Что же, есть некоторое утешение в том, что она не единственная в мире женщина, которую выворачивает при одном упоминании имени графа.
Куинс обернулась и взглянула на дверь, нервно теребя ручки ридикюля.
– Если бы только вы пожелали чего-то более разумного! Я начинаю верить, что Милтон был прав и дело кончится очень плохо.
Гермиона невольно взглянула на свою руку. Под золотистым шелком перчатки отчетливо выделялся бугорок. Может, стоит отдать кольцо леди Шарлотты и покончить с этим? Вряд ли подруга будет возражать, тем более что кольцо ей никогда особенно не нравилось.
Гермиона вновь стянула перчатку, но кольцо по-прежнему плотно обхватывало палец, и как она ни старалась, не могла его снять. На какой-то момент кольцо согрелось и дрогнуло, словно издеваясь над ее попытками избавиться от него.
– Вздор какой-то, – раздраженно бросила Гермиона, надевая перчатку. – Шарлотта ни разу не упоминала ни о каких желаниях!
Леди вздохнула так шумно, что перья в ее волосах затрепетали, как трио нетерпеливых восклицательных знаков.
– Конечно, нет, иначе вы и ее посчитали бы сумасшедшей. Итак, насчет вашего желания…
– Я никогда не загадывала желаний, – перебила Гермиона, вновь обретая уверенность, что именно этот оттенок оранжевого – ее цвет, и вдруг… и вдруг в ее мысли весенним зефиром ворвались слова, произнесенные несколькими минутами раньше: «Хотела бы я стать призраком от заката до рассвета…»
Взглянув на Куинс, девушка обнаружила, что та ободряюще ей кивает:
– Да-да. Ваше желание быть невидимкой. Солнце вот-вот зайдет, и вы должны приготовиться к превращению. Есть некоторые вещи и правила, которые вам необходимо знать, особенно в свете последней части вашего желания…
Но Гермиона уже перестала слушать после слов «быть невидимкой». Необходимо немедленно отыскать мать, которая сможет определить, кто именно эта женщина, и проследит, чтобы ее вернули в семью… или в Бедлам.
Но, попытавшись сделать шаг, Гермиона обнаружила, что колеблется, трепещет, наливаясь странной силой, и невольно взглянула в окно, расположенное высоко в нише.

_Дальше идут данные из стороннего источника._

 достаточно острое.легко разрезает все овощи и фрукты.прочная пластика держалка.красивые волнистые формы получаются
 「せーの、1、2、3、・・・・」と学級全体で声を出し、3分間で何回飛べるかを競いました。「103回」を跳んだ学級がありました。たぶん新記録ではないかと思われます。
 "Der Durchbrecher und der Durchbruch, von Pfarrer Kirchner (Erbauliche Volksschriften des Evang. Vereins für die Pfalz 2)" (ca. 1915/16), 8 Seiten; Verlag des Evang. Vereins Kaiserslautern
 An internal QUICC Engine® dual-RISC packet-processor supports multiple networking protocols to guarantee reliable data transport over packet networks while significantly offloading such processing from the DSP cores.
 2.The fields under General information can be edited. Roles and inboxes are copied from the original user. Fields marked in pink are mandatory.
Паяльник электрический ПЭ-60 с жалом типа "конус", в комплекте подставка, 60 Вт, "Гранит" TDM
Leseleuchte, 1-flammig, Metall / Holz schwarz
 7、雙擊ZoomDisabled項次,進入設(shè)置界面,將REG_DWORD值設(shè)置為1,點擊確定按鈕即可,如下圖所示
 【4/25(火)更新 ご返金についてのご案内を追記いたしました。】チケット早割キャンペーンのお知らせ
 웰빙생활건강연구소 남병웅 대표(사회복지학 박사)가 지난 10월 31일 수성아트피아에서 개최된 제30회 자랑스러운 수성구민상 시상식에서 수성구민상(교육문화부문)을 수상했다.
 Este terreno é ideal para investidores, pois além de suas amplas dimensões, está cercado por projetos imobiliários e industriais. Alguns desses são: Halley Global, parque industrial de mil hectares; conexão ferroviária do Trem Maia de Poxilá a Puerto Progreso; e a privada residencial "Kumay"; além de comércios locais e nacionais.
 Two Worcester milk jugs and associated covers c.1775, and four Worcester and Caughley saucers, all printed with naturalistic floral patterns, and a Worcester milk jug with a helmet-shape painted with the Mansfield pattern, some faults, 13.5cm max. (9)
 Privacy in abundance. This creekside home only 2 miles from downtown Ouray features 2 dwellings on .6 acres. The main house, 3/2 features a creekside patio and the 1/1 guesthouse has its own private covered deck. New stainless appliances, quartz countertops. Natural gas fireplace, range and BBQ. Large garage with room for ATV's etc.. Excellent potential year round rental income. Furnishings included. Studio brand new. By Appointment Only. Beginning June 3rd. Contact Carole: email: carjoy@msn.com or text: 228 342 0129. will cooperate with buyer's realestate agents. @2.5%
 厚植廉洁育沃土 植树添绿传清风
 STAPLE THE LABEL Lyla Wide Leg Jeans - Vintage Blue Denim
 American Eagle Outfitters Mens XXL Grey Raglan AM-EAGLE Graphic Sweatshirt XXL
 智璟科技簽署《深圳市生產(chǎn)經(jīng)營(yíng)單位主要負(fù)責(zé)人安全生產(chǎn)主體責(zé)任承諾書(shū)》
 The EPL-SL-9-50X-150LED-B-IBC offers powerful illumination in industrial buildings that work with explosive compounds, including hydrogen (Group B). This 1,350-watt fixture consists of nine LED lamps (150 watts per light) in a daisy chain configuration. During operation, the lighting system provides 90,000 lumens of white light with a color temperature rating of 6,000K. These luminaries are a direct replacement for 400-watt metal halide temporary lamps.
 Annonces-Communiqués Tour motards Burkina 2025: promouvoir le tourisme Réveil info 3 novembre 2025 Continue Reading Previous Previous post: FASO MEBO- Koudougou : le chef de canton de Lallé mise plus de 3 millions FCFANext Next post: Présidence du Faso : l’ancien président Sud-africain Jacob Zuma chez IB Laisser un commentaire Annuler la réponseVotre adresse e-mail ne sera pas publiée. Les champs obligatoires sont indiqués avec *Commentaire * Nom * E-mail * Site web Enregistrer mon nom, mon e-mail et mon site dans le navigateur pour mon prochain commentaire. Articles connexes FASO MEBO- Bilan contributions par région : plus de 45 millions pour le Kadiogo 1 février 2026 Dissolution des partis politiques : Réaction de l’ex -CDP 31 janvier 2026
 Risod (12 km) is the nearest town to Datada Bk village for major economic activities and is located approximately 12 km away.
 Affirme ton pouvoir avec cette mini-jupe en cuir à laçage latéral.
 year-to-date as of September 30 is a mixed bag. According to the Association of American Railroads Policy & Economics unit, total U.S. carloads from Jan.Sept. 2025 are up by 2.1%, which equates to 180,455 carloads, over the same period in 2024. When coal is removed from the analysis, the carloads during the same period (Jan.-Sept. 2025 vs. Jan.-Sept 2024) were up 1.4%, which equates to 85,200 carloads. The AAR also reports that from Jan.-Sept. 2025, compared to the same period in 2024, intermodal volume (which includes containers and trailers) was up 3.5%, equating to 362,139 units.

За стеклом розовело небо. Значит, весеннее солнце лениво опускается за горизонт.
Внизу живота стала медленно разворачиваться скрученная пружина, словно пробуждаемая к жизни невидимой рукой.
– Это не может быть правдой… это совершенное безумие, – заявила она, украдкой посмотрев в зеркало и стараясь казаться спокойной и сдержанной. Пришлось даже поправить ленты в волосах, чтобы скрыть нарастающую панику. Полагаю, это затеи Индии и Томасин? Желание было их идеей!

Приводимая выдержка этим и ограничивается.